By default the three prebuilt reports on Guardium do not enable a DM (Alert Notification, Logged R/T Alerts and Logged Threshold Alerts). You therefore need to build a report based on the domain. Open the Query Builder for the Alert domain and build the desired reports (e.g. make the main entitity Messages Sent). Save it and then define the DM on it. Then run the grdapi command using the DM name you gave when defining the DM (in this case Export: Alert):

grdapi datamart_update_copy_file_info destinationHost=”<host>” destinationPassword=”<pwd>” destinationPath=”<path>g” destinationUser=”sonargd” Name=”Export: Alert” transferMethod=”SCP”

grdapi schedule_job jobType=dataMartExtraction cronString=”0 10 0/1 ? * 1,2,3,4,5,6,7” objectName=”Export: Alert”

Policy Changes

Use the prebuilt report “Policy Changes” and define a DM on it. Note that this is actually a report based on user activity and therefore a subset of the User Activity DM already defined. Use the following grdapis:

grdapi datamart_update_copy_file_info destinationHost=”<host>” destinationPassword=”<pwd>” destinationPath=”<path>” destinationUser=”sonargd” Name=”Export: Policy Changes” transferMethod=”SCP”

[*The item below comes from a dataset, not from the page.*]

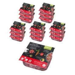 Das perfekte Menü, um groß und stark zu werden: Für Welpen und junge Hunde haben wir in unserer Produktreihe frisch und fertig ein BARF-Menü entwickelt, das genau auf die besonderen Bedürfnisse der heranwachsenden Vierbeiner abgestimmt ist. Das Premiumfutter liefert mit proteinreichem Rindfleisch die nötige Energie, die junge Hunde brauchen, um ausgiebig toben, rennen und spielen zu können. In der Kombination mit Hühnerhals erreicht das Welpen-Menü außerdem ein optimales Kalzium-Phosphor-Verhältnis – die Voraussetzung für ein gesundes Knochenwachstum. Karotte und Apfel decken den in der BARF-Fütterung erforderlichen Gemüse- und Obstanteil. Hochwertiges Öl macht das Frische-Menü komplett.

grdapi schedule_job jobType=dataMartExtraction cronString=”0 10 0/1 ? * 1,2,3,4,5,6,7” objectName=”Export: Policy Changes”

Audit Process Sign Offs

Use the Audit Process Result Comments as your main entity and define the DM from your new report.

Archive Aggregation Logs

Data archive logs are part of the archive and aggregation log report - and can be used to track archiving of data even when using SonarG and no longer using aggregation. Use the built-in Aggregation/Archive Log and build a DM from it.

Configuring Guardium Appliances

This section provides scripts to configure Guardium appliances. This section does NOT replace the instructions available in the Guardium release notes - follow release notes instructions which are more complete. The instructions here are a summary and provide scripts that you can use as grdapi scripts to use with an ssl session and cli. You can also use this procedure to move files to a third Linux server from which SonarG will pull data.

To enable data transfers between Guardium appliances and SonarG, there are two scripts that need to be executed on a one time basis in order to configure the appropriate data marts and also to schedule the ongoing export of these data marts to SonarG. The config_script.formanager is executed on the CM and responsible for configuring the data marts. The config_script.formanaged is to be run on each collector to set the export schedules for the collectors to push data to the target location.

To push directly to SonarG:

  1. Login to the Guardium appliance using the cli account and copy to that directory using the following grdapi command (replacing the host, username, pwd and directory location):

    grdapi datamart_validate_copy_file_info destinationHost=”<host>” destinationPassword=”<pwd>” destinationPath=”<full path to directory>” destinationUser=”<username>” transferMethod=”SCP”

    Successful execution will result in an OK message.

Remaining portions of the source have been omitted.